◆ **PROBLEM STATEMENT**: Print exactly the lines that run from the opening line of the material through the line with "Morelia, Michoacán; 26", and nothing else, leaving out pictures.

◆ **DATA BLOCK**:
┌────────

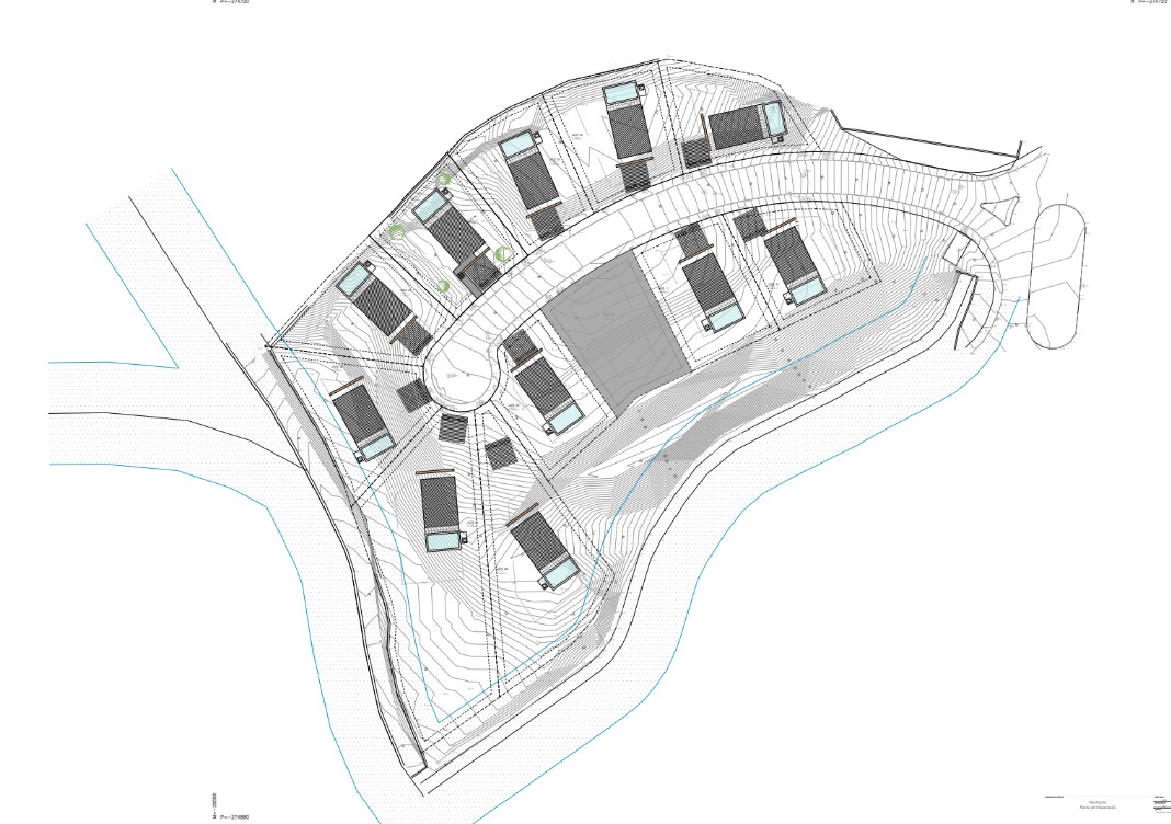 Each plot has an area between 450m2 and 835m2 permitting construction of individual houses with 2 bedrooms, and two interior parking places, two floors, and footprint of 125m2 and max construction of 225m2.
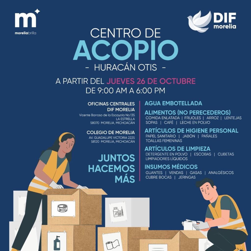 Morelia, Michoacán; 26 de octubre de 2023.- En apoyo a las y los damnificados por el paso del Huracán Otis, el DIF de Morelia llama a las y los morelianos a donar víveres y artículos diversos a través de los módulos que habilitará el Gobierno Municipal, para recolectarlos y entregarlos a los habitantes de Acapulco.
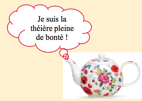 La bonté. C’est parce que je lui faisais voir combien elle était au-dessus de toutes ces choses-là qu’elle m’a dit qu’un client lui avait dit qu’elle était comme une théière : pleine de « bon thé » (bonté). Ah, j’aimerais bien connaître ce client si imaginatif. C’est tout simplement magnifique.
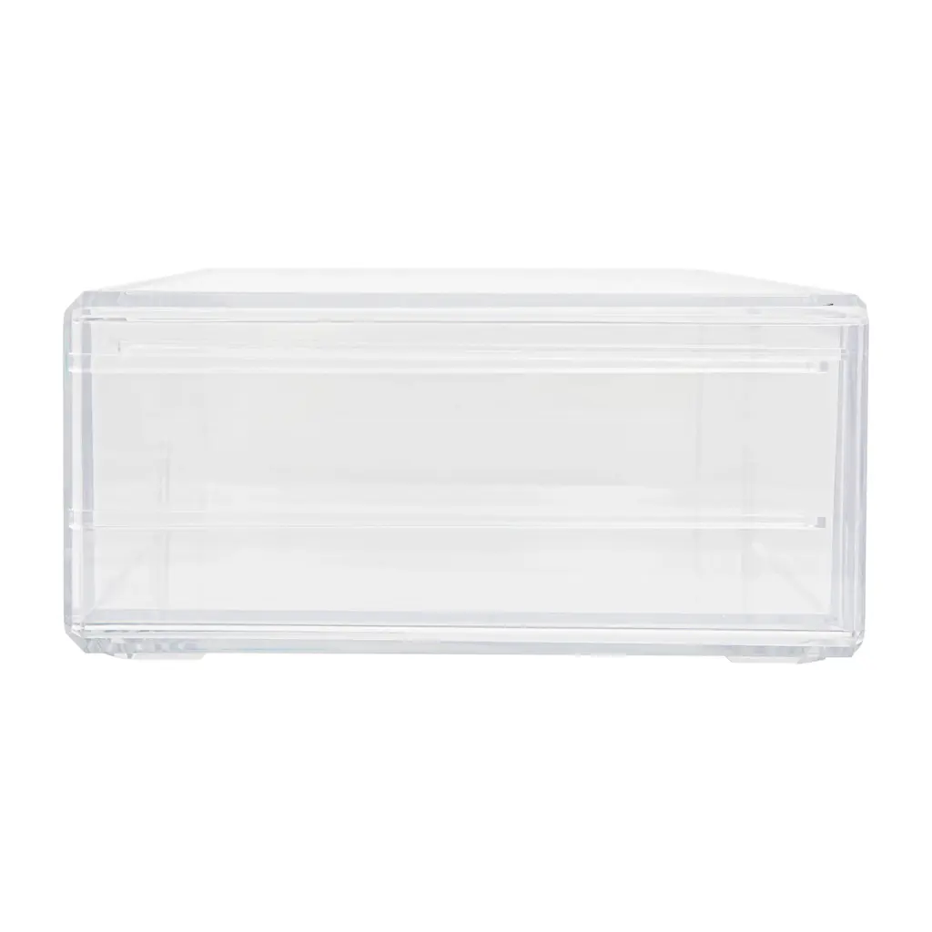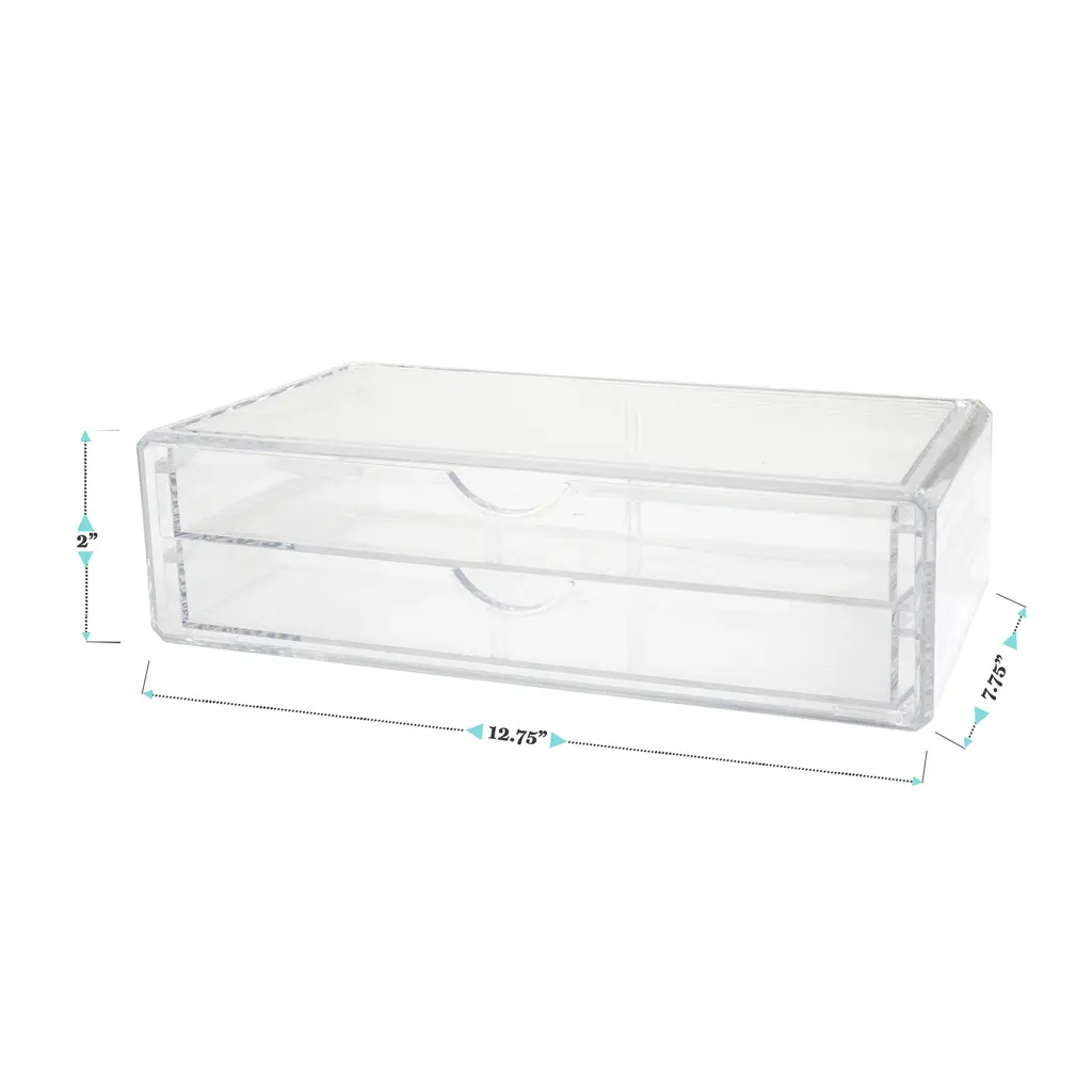 Organize a multitude of supplies and accessories with the Martha Stewart Brody Organizer Box with Two Pullout Drawers and keep all of your surfaces clutter-free. Premium BPA-free and crack-resistant plastic holds up well in almost any environment from your desktop to your bathroom vanity for many years of use. The removable drawers are accented with a half-moon cutout allowing for easy opening and closing while the crystal clear housing makes locating your items effortless. The stackable design enables you to use vertical instead of horizontal real estate, which makes this storage drawer a great space-saver. Lower grooves lock in place for stability and non-skid feet ensure the box stays in your desired location to maintain a neat and tidy appearance.

└────────

◆ **THE ANSWER**:
 Each plot has an area between 450m2 and 835m2 permitting construction of individual houses with 2 bedrooms, and two interior parking places, two floors, and footprint of 125m2 and max construction of 225m2.
 Morelia, Michoacán; 26 de octubre de 2023.- En apoyo a las y los damnificados por el paso del Huracán Otis, el DIF de Morelia llama a las y los morelianos a donar víveres y artículos diversos a través de los módulos que habilitará el Gobierno Municipal, para recolectarlos y entregarlos a los habitantes de Acapulco.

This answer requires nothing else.